О народе Мазепа не думал. Иезуитское воспитание, полученное им, приучило его презирать простых людей. Иезуиты считали простой народ неспособным к самостоятельному проявлению своей воли, они учили, что народ сам по себе представляет стадо, которое всегда послушно идет за пастырем. Поэтому не удивительно, что Мазепа, придерживавшийся таких воззрений, полагал, что казаки и холопы должны поступить так, как прикажет старши́на и полковники…
Войнаровский пока Мазепу не тревожил. Племянник знает только, что ему надо знать. Пусть себе на здоровье мечтает о народной вольности и служит ему, Мазепе. Дальше будет видно…
Орлик? Этот кое-что уже знает, но все-таки следует поразмыслить… Писарь умен, служит верно и усердно… Гетман скрыл его прошлое, сделал генеральным, щедро оплачивает каждую услугу. Продавать благодетеля писарю нет смысла. А вдруг? Кто знает темную, как омут, душу этого бродяги?..
Мазепа представил себе десятки соблазнов и возможностей.
Нет, лучшего положения Орлик никогда не добьется, — значит, и изменять выгоды ему нет. Следует, однако, испытать и окончательно связать его с собой.
Ночь. Гетман лежит в кровати. Свеча на столе освещает его лицо, которое кажется болезненным и дряхлым. Дверь в соседнюю комнату открыта. Слышен сухой скрип пера. Орлик еще работает.

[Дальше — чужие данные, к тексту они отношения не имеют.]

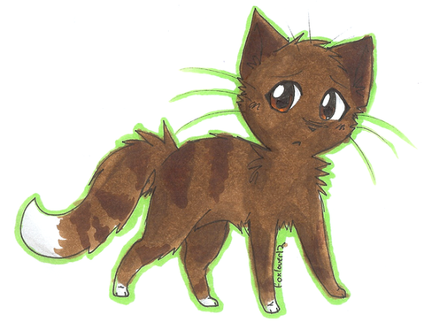 that's so cute!!! all of your drawings that i've seen are! I was wondering if you would draw my cat in the manga I'm making ; Starshimmer. She is a dark brown and maple tabby with seafoam eyes. YOU DONT HAVE TO! I just want to see what he would look like in your drawings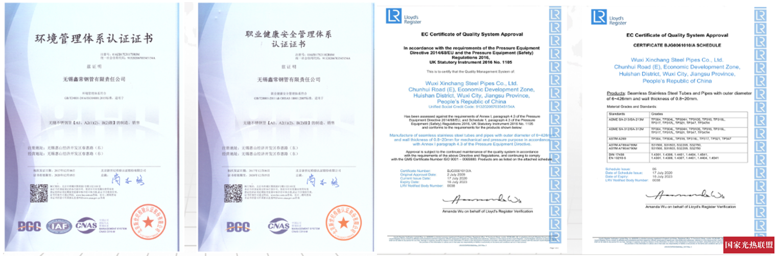 鑫常公司已通过英国劳式质量认证体系ISO9001:2015、欧盟承压设备指令PED97/23/EC、国家特种设备生产许可证(压力管道元件)证书、环境管理体系认证证书(ISO14001)、职业健康安全管理体系认证证书(OHSAS18001),为企业打入国际市场、进入压力容器行业和船舶制造业奠定了坚实的基础。
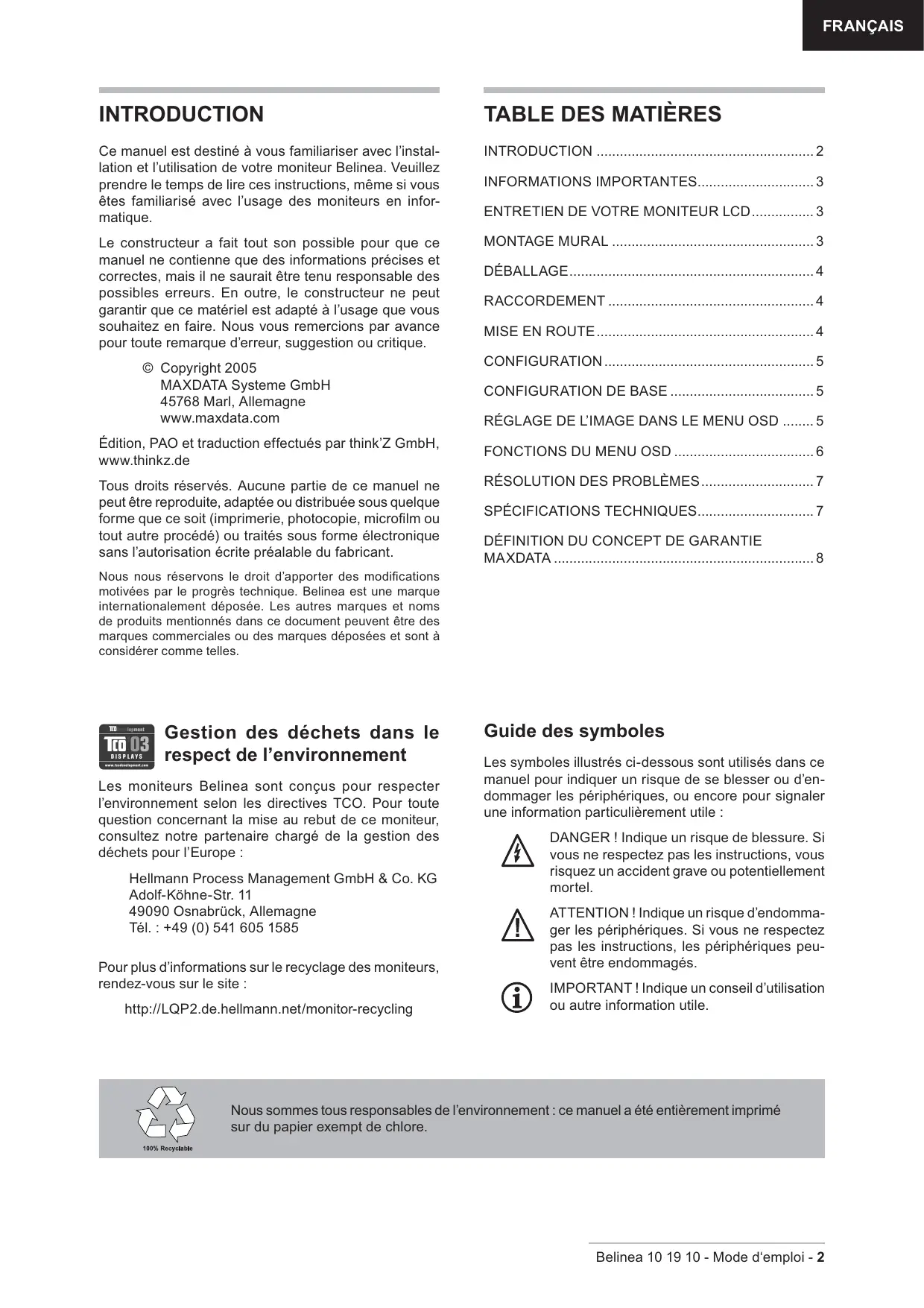 Les moniteurs Belinea sont conçus pour respecter l'environnement selon les directives TCO. Pour toute question concernant la mise au rebut de ce moniteur, consultez notre partenaire chargé de la gestion des déchets pour l'Europe :

Гетман, кряхтя, приподнимается:
— Ты скоро кончишь, Филипп? Дело есть…
— Сейчас, ваша ясновельможность, — подобострастно отзывается писарь.
Он входит, мягко, по-кошачьи. В трех шагах от кровати почтительно останавливается.
— Что изволите приказать, пане гетман?
— Вот, — морщаясь, достает гетман письмо, запрятанное глубоко под подушки, — вот возьми… Я не вспомню цифирь… Старею, что ли?
Орлик протягивает руку. Серые, хитрые глаза щурятся над бумагой:
— Рука ее светлости княгини Дольской…
— Да… Черт ее просит с письмами, — сердито ворчит Мазепа. — Ты прочти вслух… Да заслони свечу… Глаза болят.